- _Data below_:

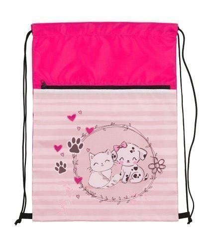 Školní sáček na přezůvky a cvičky vhodný pro žáky 1. stupně ZŠ. Školní sáček je vyroben z pevného a kvalitního materiálu. Rozměr sáčku 440 x 320 mm. Vodoodpudivý pevný materiál udrží věci v suchu. Kapsa na zip oddělí boty od ostatního oblečení. Stahovací šňůrka spojená se spodní částí promění sáček v malý batůžek na záda. Školní sáček je praktickým doplňkem školní aktovky pro uložení cviček či věcí na tělocvik.
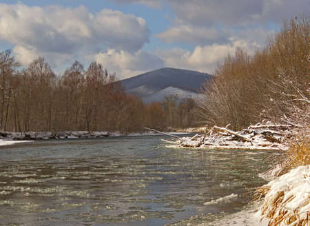 Landscape with winter mountain river
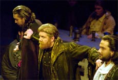 Что касается собственно пения, то, как в любом учебном процессе, были здесь и свои отличники, и середнячки, и аутсайдеры. Хочется отметить, что в центре внимательно работают над словом, и дикция почти всех певцов была на редкость ясной. Школа Вишневской явно пошла на пользу, по меньшей мере, двум студийцам, слышанным в прошлогоднем "Руслане": бас Романа Дерзаева (Малюта Скуратов) стал ещё глубже и значительней, а плотный тенор Павла Паремузова (Бомелий) не потеряв своих изначальных качеств, приобрёл интонационную точность. Хорош и Собакин Романа Астахова - несмотря на молодость, артисту удалось показать убедительный образ сначала степенного главы семейства, а затем несчастного отца. Александру Касьянову и по темпераменту, и по внешней фактуре вполне пришёлся впору образ буйного опричника Григория Грязного, причём певец смог счастливо избежать как нажима и фальшивых страстей в актёрском плане, так и форсажа в крайне тяжёлой вокальной партии - роль была сыграна и спета вполне свободно и естественно. Несколько разочаровала Ирина Окнина в титульной партии - образ получился довольно-таки вымученный, как будто Марфа больна уже изначально, а работы собственно над вокалом ещё непочатый край - певица отнюдь не всегда была интонационно корректна, резкие ноты встречались не раз, а к концу вечера ей откровенно не хватало дыхания, отчего финальную арию она еле дотянула, дробя бесподобную корсаковскую кантилену на мельчайшие фразочки. Ещё слабее показались исполнительницы небольших женских партий Наталья Левитина (Домна Сабурова) и Кира Смирнова (Петровна) - вокал просто сырой, а сценическая игра (точнее переигрывание) Левитиной местами откровенно напоминала дешёвый фарс. Значительно лучше пела Татьяна Метлина (Дуняша) - стабильная и в сольных эпизодах, и в ансамблях. Валентин Суходолец в вокальном плане был вполне приемлемым Лыковым, однако в арии третьего акта вдруг стал настойчиво демонстрировать неприятный носовой призвук.

- _Aim of the task_: Give again, word for word, the lines above from the first one through the one containing "Landscape with winter mountain river"; no pictures.

- _Exercise result_:
 Školní sáček na přezůvky a cvičky vhodný pro žáky 1. stupně ZŠ. Školní sáček je vyroben z pevného a kvalitního materiálu. Rozměr sáčku 440 x 320 mm. Vodoodpudivý pevný materiál udrží věci v suchu. Kapsa na zip oddělí boty od ostatního oblečení. Stahovací šňůrka spojená se spodní částí promění sáček v malý batůžek na záda. Školní sáček je praktickým doplňkem školní aktovky pro uložení cviček či věcí na tělocvik.
 Landscape with winter mountain river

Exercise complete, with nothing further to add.